Output all of the lines below exactly, and leave out each image.

Items from a dataset -
----

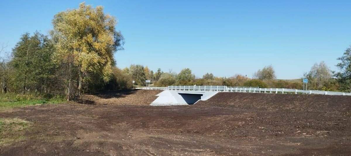 Работы включали демонтаж старого моста, укладку нового полотна, установку опор, систем водоотвода, дорожных знаков и ограждений.
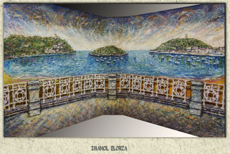 Enamorado de Donosti son también muy valoradas las obras tamaño gigante de la Catedral del Buen Pastor, Teatro Victoria Eugenia o paisajes de La Concha.
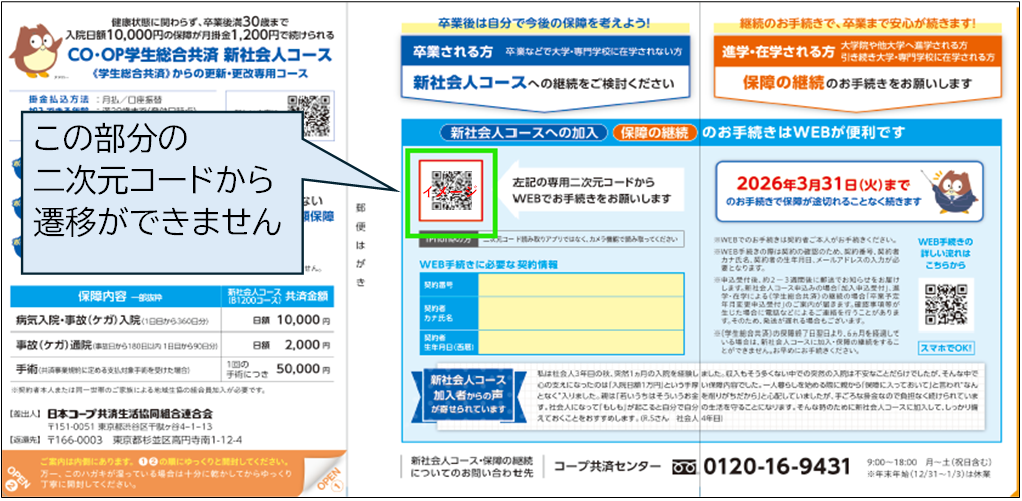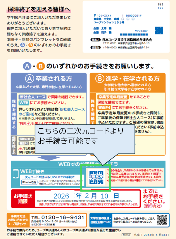 昨年12月に扶養者様住所へお届けした「CO・OP学生総合共済の満期に伴うお手続き書類」に同封されている書類に記載の二次元コードよりお手続きが可能です。
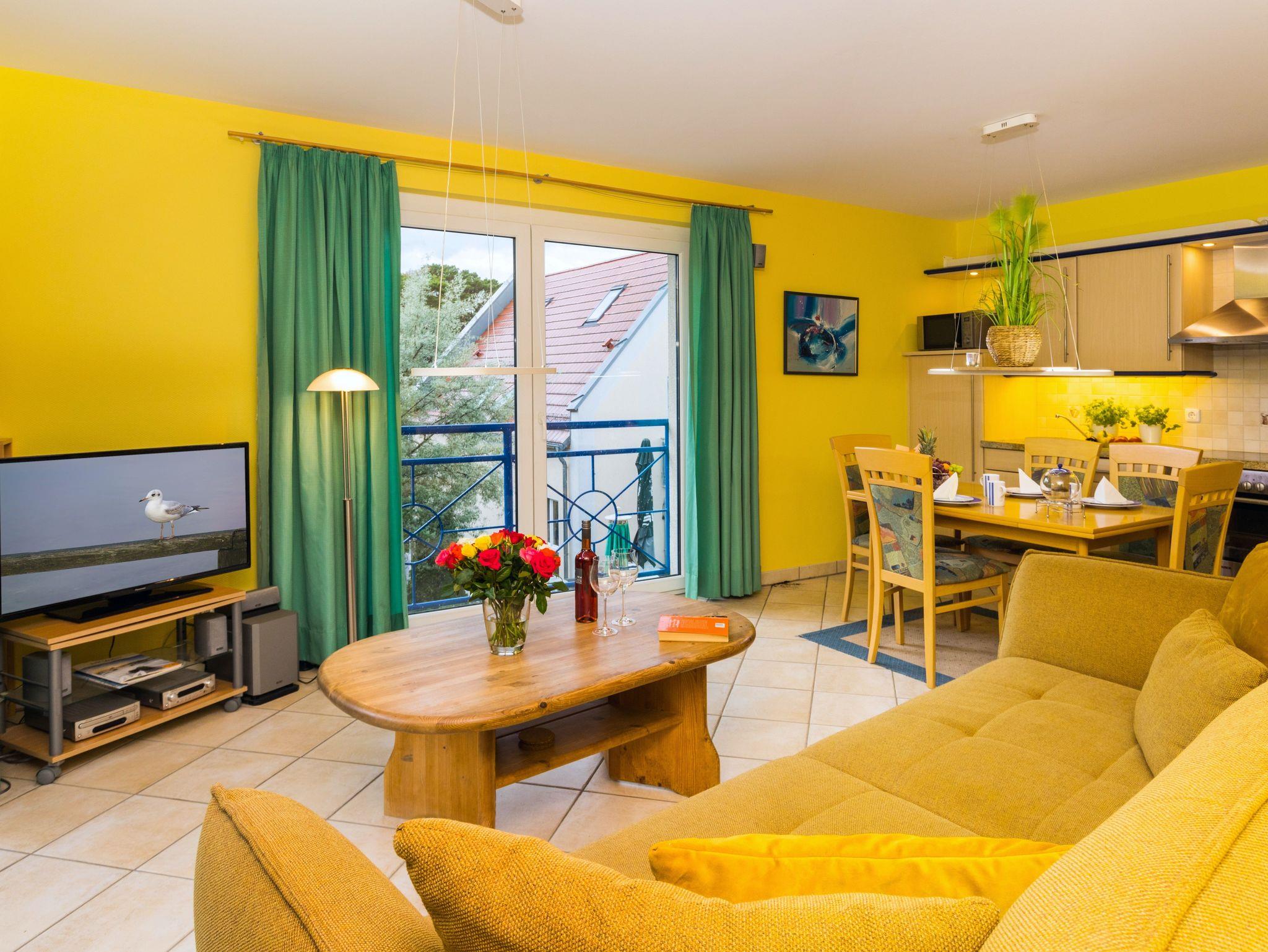 Moderne Ferienwohnung mit Balkon und Meerblick, nur 1 Minute vom Strand in Trassenheide entfernt.
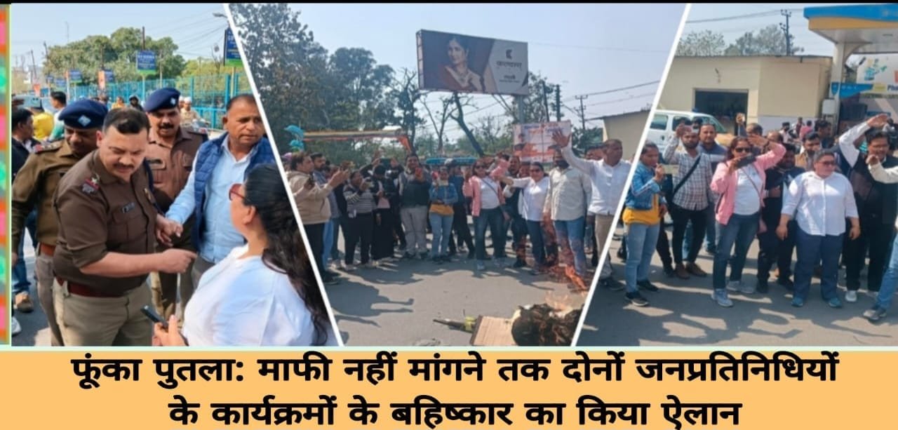 पत्रकारों का अपमान करने के विरोध में मंगलवार को विधायक प्रदीप बत्रा और मेयर अनीता अग्रवाल के ख़िलाफ़ नारेबाजी कर पत्रकारों द्वारा उनका पुतला फूंका गया। इसी के साथ यह तय किया गया है कि दोनों जनप्रतिनिधियों के द्वारा माफ़ी ना मांगने तक सभी पत्रकार विरोध स्वरूप काली पट्टी बांधकर काम करेंगे। वही मुख्यमंत्री के सामने मामला रखने जा रहे पत्रकारों को पुलिस और प्रशासन के अधिकारियों ने रोक लिया।
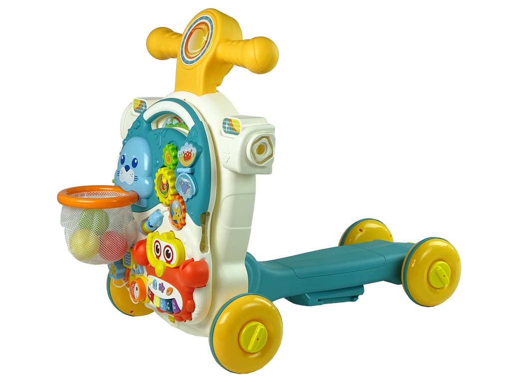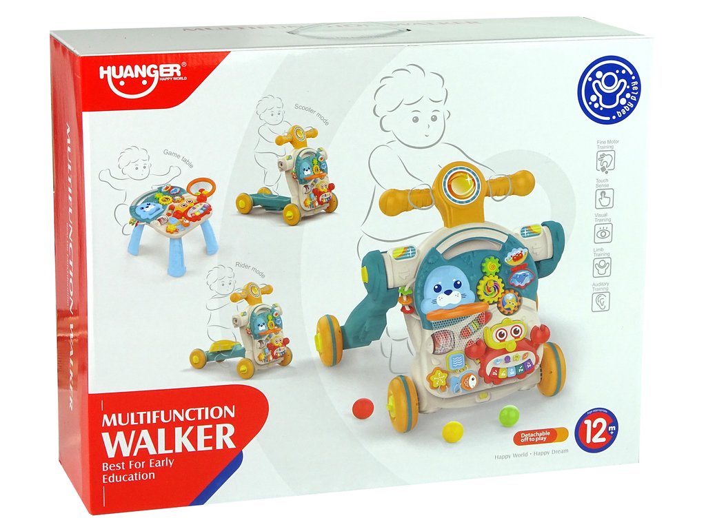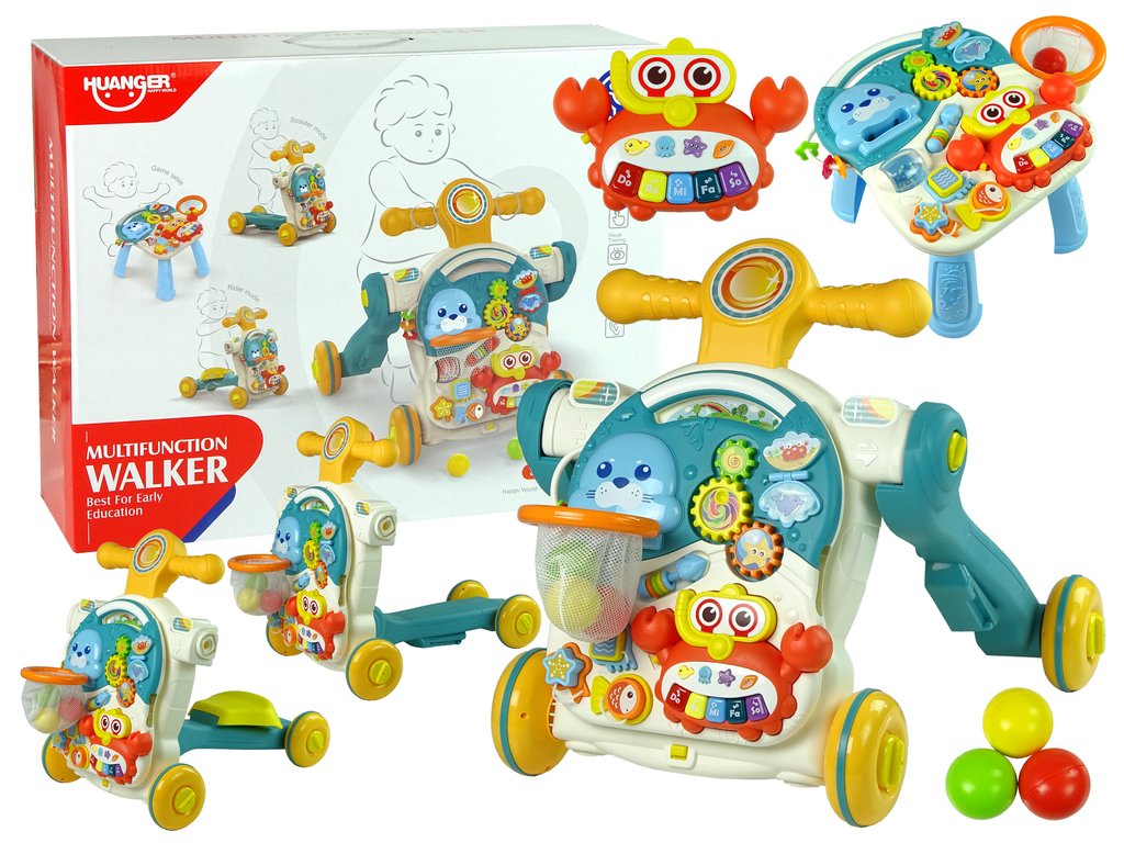 Velika prednost igrače je, da jo lahko uporabljate na štiri različne načine. Malček se lahko odloči, kaj izbrati. Lahko se začne igrati s samim klavirjem, uporabiti učni stoliček, možnost je tudi vožnja s kolesom ali vožnja s skirojem, kar spodbuja učenje hoje. Varna in nedrseča kolesa. Učna hodulja z interaktivno zvočno tablo je zelo enostavna za uporabo.

----

Response box -
 Работы включали демонтаж старого моста, укладку нового полотна, установку опор, систем водоотвода, дорожных знаков и ограждений.
 Enamorado de Donosti son también muy valoradas las obras tamaño gigante de la Catedral del Buen Pastor, Teatro Victoria Eugenia o paisajes de La Concha.
 昨年12月に扶養者様住所へお届けした「CO・OP学生総合共済の満期に伴うお手続き書類」に同封されている書類に記載の二次元コードよりお手続きが可能です。
 Moderne Ferienwohnung mit Balkon und Meerblick, nur 1 Minute vom Strand in Trassenheide entfernt.
 पत्रकारों का अपमान करने के विरोध में मंगलवार को विधायक प्रदीप बत्रा और मेयर अनीता अग्रवाल के ख़िलाफ़ नारेबाजी कर पत्रकारों द्वारा उनका पुतला फूंका गया। इसी के साथ यह तय किया गया है कि दोनों जनप्रतिनिधियों के द्वारा माफ़ी ना मांगने तक सभी पत्रकार विरोध स्वरूप काली पट्टी बांधकर काम करेंगे। वही मुख्यमंत्री के सामने मामला रखने जा रहे पत्रकारों को पुलिस और प्रशासन के अधिकारियों ने रोक लिया।
 Velika prednost igrače je, da jo lahko uporabljate na štiri različne načine. Malček se lahko odloči, kaj izbrati. Lahko se začne igrati s samim klavirjem, uporabiti učni stoliček, možnost je tudi vožnja s kolesom ali vožnja s skirojem, kar spodbuja učenje hoje. Varna in nedrseča kolesa. Učna hodulja z interaktivno zvočno tablo je zelo enostavna za uporabo.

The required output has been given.